Now, to find the propagator one rewrites this operator in momentum space as

$$ \tag{4} \mathcal{O}^{\mu \nu}{}_{\alpha \beta}(\partial \to ip) = -\left( \eta^{( \mu}{}_{\alpha}\eta^{\nu )}{}_{\beta} - \eta^{\mu \nu} \eta_{\alpha \beta}\right) \left(p^2 + m^2 \right) \\ + 2p^{(\mu}p_{(\alpha}\eta^{\nu )}{}_{\beta )} - p^{\mu}p^{\nu}\eta_{\alpha \beta} - p_{\alpha}p_{\beta}\eta^{\mu \nu}. $$

I know that propagator $ \mathcal{D}_{\alpha \beta, \sigma \lambda}$ satisfies the same symmetries above so it will have the same structure as $\mathcal{O}^{\mu \nu, \alpha \beta}$. I also know that their multiplication should give me the identity operator, namely

$$ \tag{5} \mathcal{O}^{\mu \nu, \alpha \beta}\mathcal{D}_{\alpha \beta, \sigma \lambda} = \frac{i}{2}\left(\delta^{\mu}_{\sigma} \delta^{\nu}_{\lambda} + \delta^{\nu}_{\sigma}\delta^{\mu}_{\lambda}\right). $$

To find the propagator, I should assume a form for it, put that form into the above equation and find the coefficients.
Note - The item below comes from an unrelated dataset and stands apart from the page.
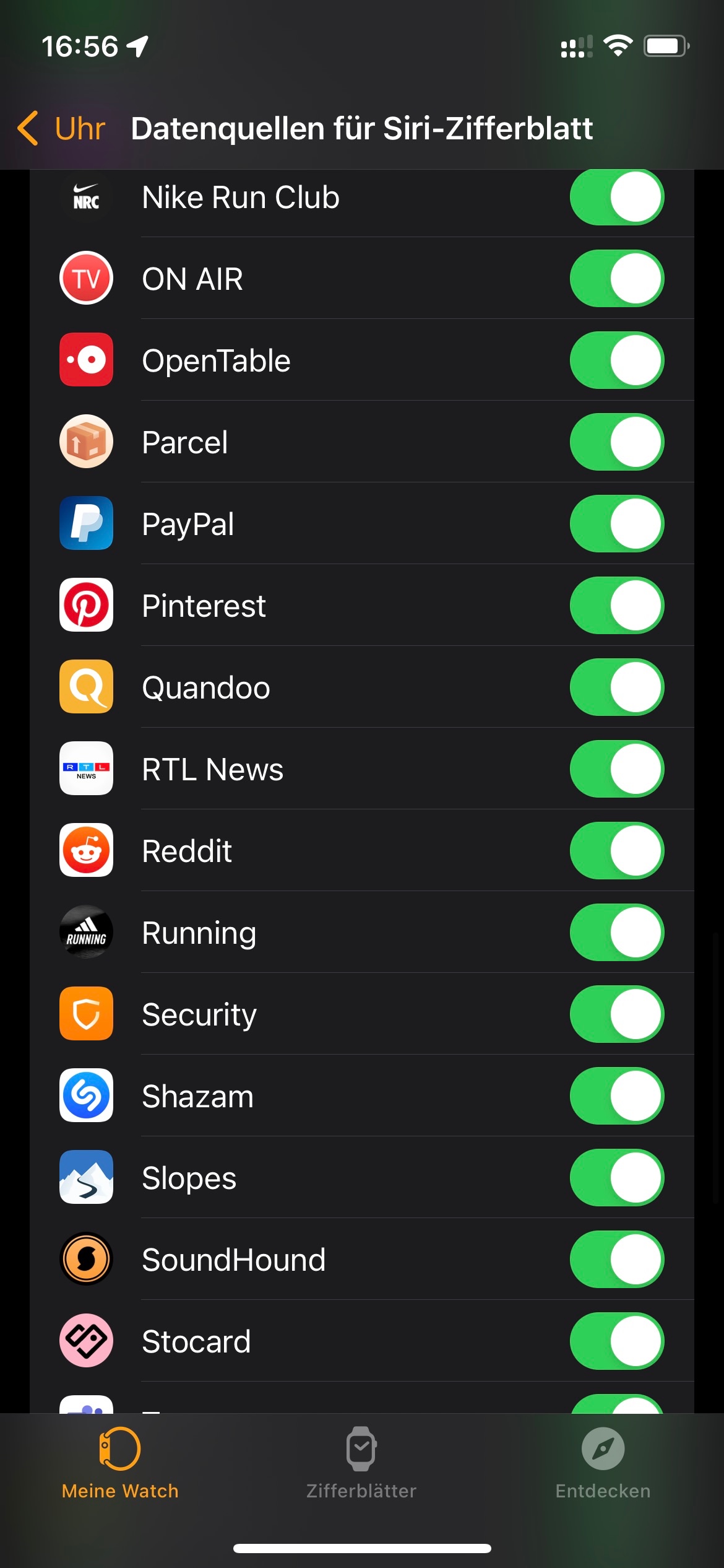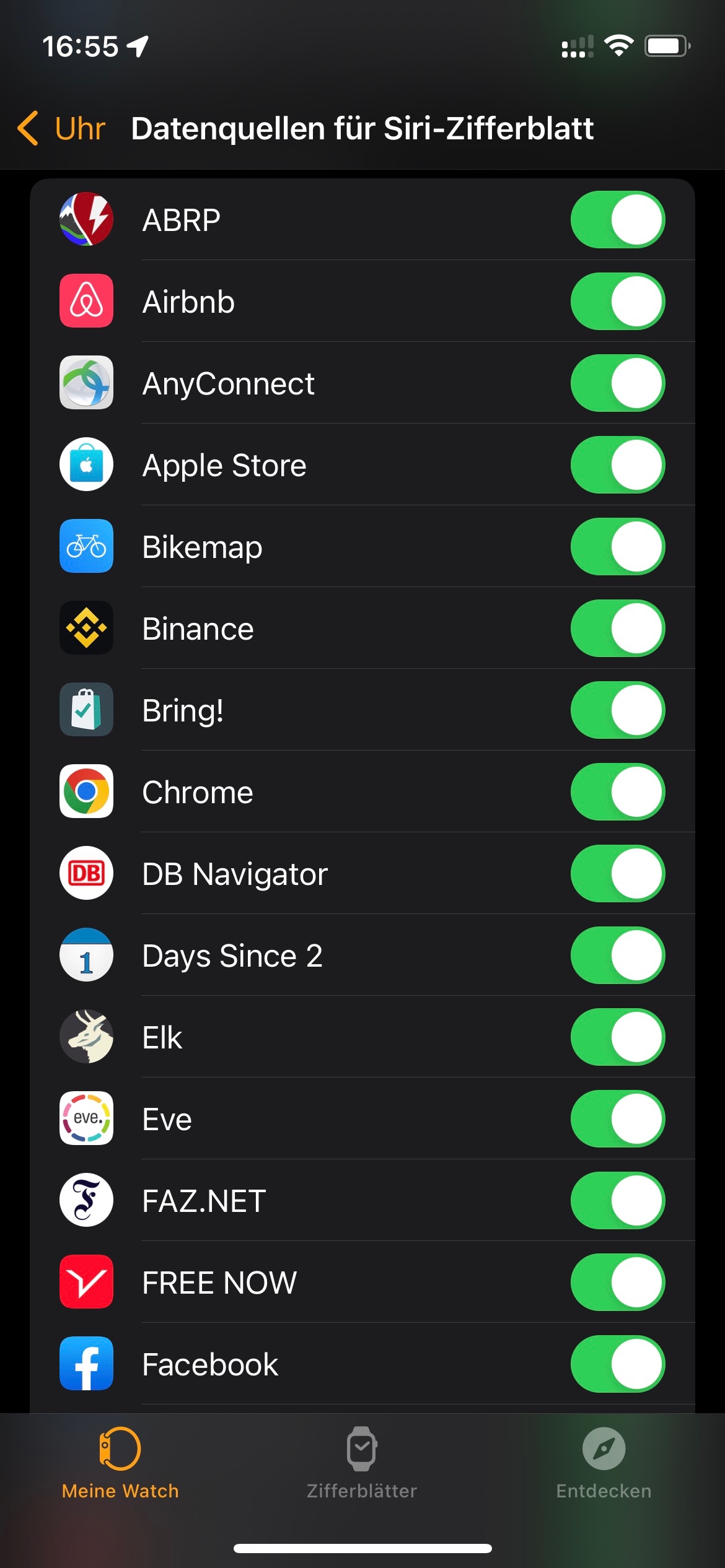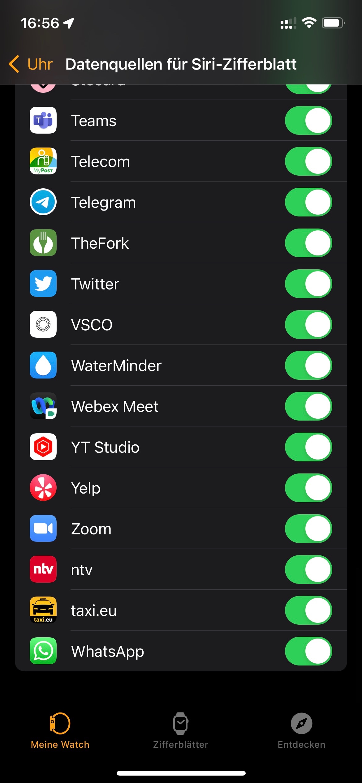 Nun habe ich aber das Problem, dass außer WaterMinder keine Drittanbieterapps als Kacheln angezeigt werden. Manche werden von einem Tag auf den anderen nicht mal mehr in der iPhone App unter Uhr>Datenquellen für Siri Zifferblatt angezeigt. Die typischen Sachen wie Neustarten, Entkoppeln, Apps neu installieren und so habe ich schon gemacht.

My question is, what should be the form of the propagator in that case?

I suppose, after determining the form of the propagator, calculations will be lengthy. So, before trying something wrong and wasting my time, I want to learn the correct form (the correct assumption) for this propagator. I'll be glad if anybody can help.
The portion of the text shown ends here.